## LISTED ENTRIES
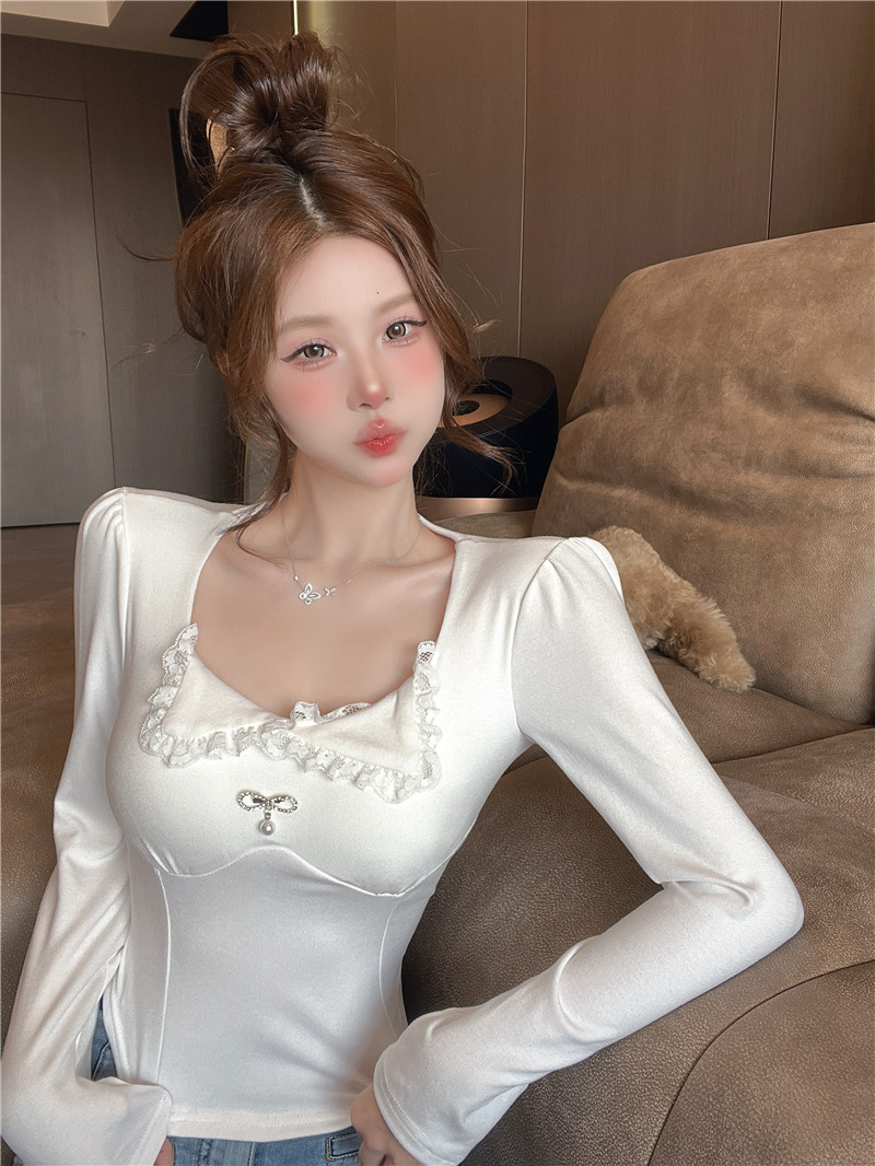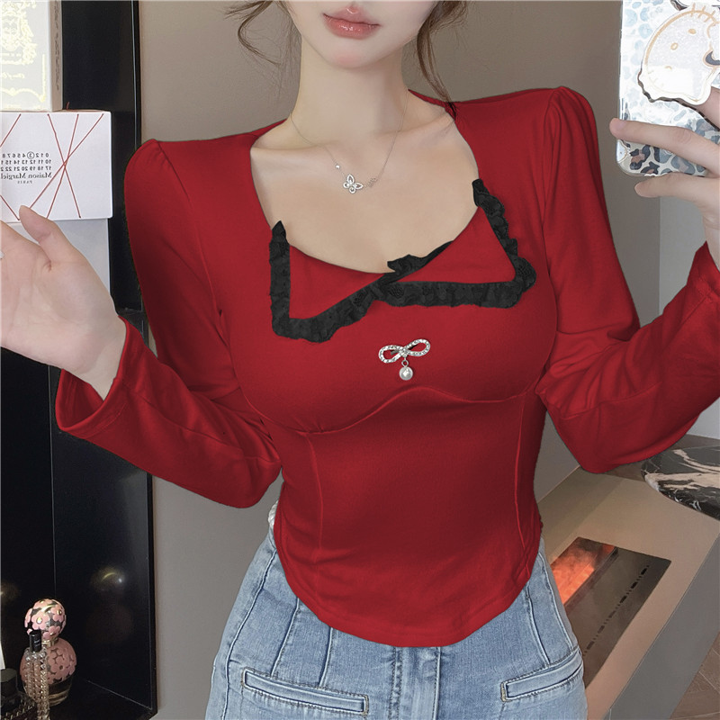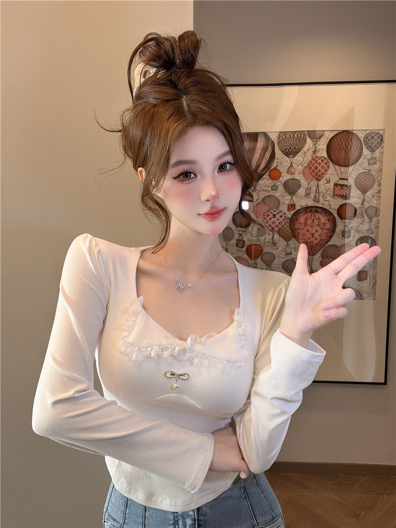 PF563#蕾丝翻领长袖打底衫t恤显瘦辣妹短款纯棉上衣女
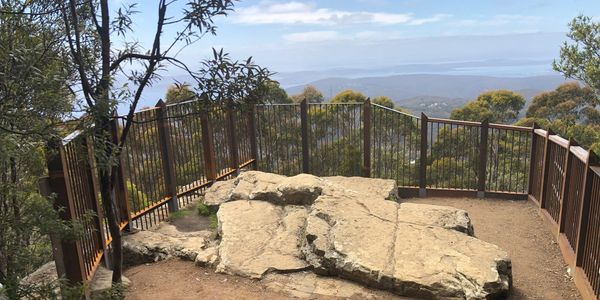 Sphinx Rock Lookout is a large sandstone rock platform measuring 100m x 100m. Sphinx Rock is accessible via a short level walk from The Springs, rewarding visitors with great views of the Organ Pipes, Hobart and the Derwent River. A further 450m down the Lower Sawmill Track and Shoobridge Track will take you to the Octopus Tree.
==
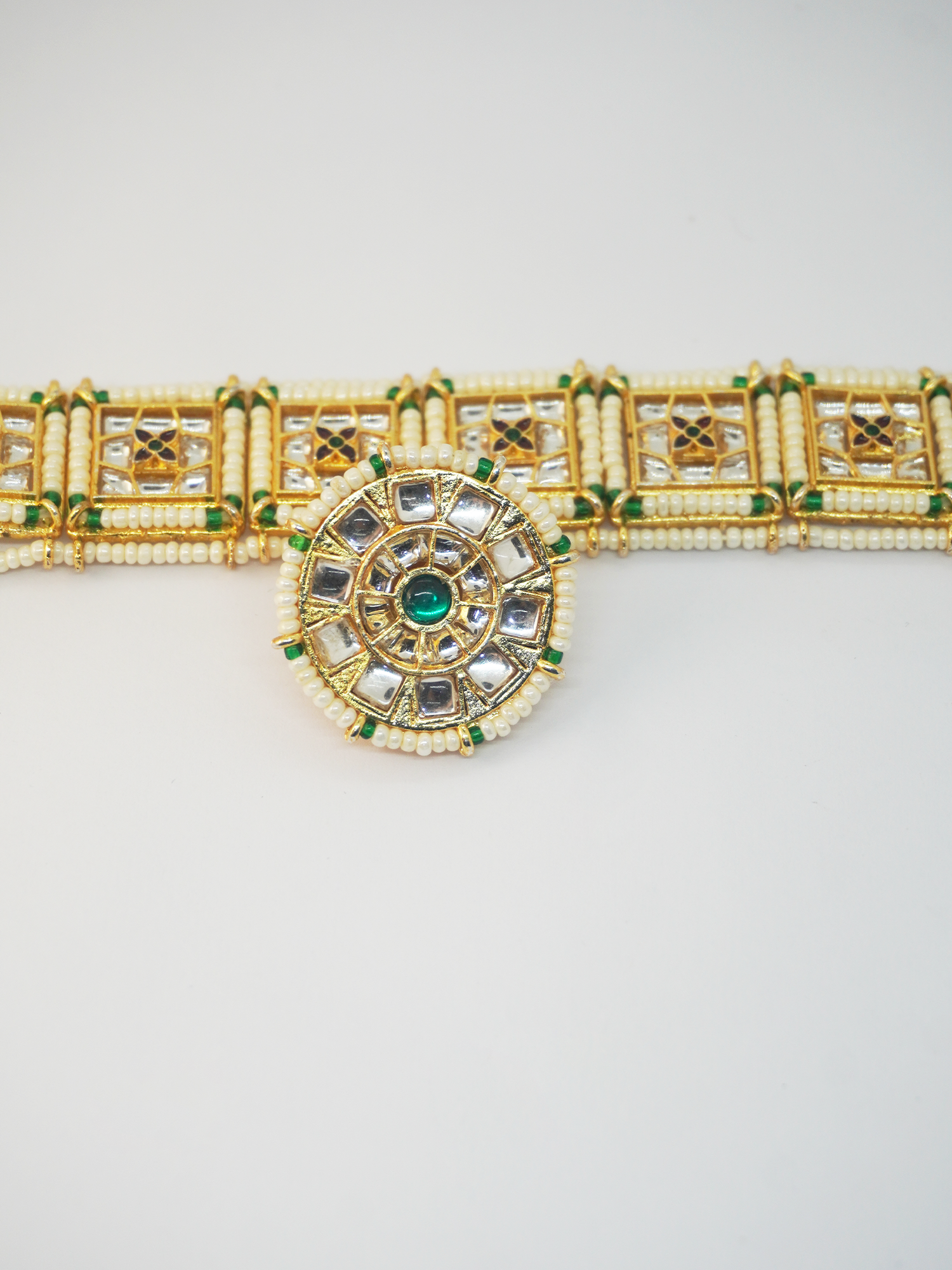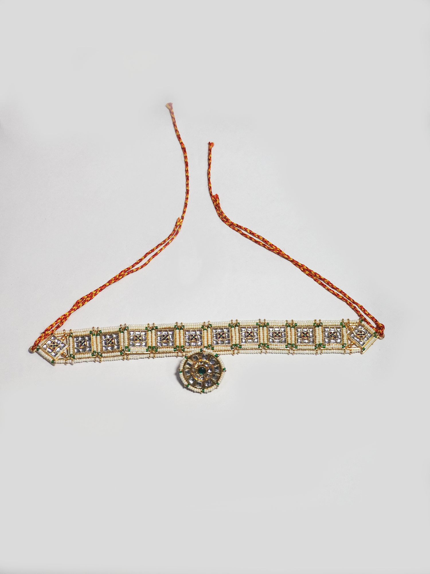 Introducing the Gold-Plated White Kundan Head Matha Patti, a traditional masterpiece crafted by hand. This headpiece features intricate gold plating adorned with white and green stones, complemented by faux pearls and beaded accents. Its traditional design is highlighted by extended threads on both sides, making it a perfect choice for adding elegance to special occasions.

## TASK
Retype the lines above exactly as they appear, from the line containing "PF563#蕾丝翻领长袖打底衫t恤显瘦辣妹短款纯棉上衣女" through the line containing "Sphinx Rock Lookout", and leave out any pictures.

## TASK ANSWER
 PF563#蕾丝翻领长袖打底衫t恤显瘦辣妹短款纯棉上衣女
 Sphinx Rock Lookout is a large sandstone rock platform measuring 100m x 100m. Sphinx Rock is accessible via a short level walk from The Springs, rewarding visitors with great views of the Organ Pipes, Hobart and the Derwent River. A further 450m down the Lower Sawmill Track and Shoobridge Track will take you to the Octopus Tree.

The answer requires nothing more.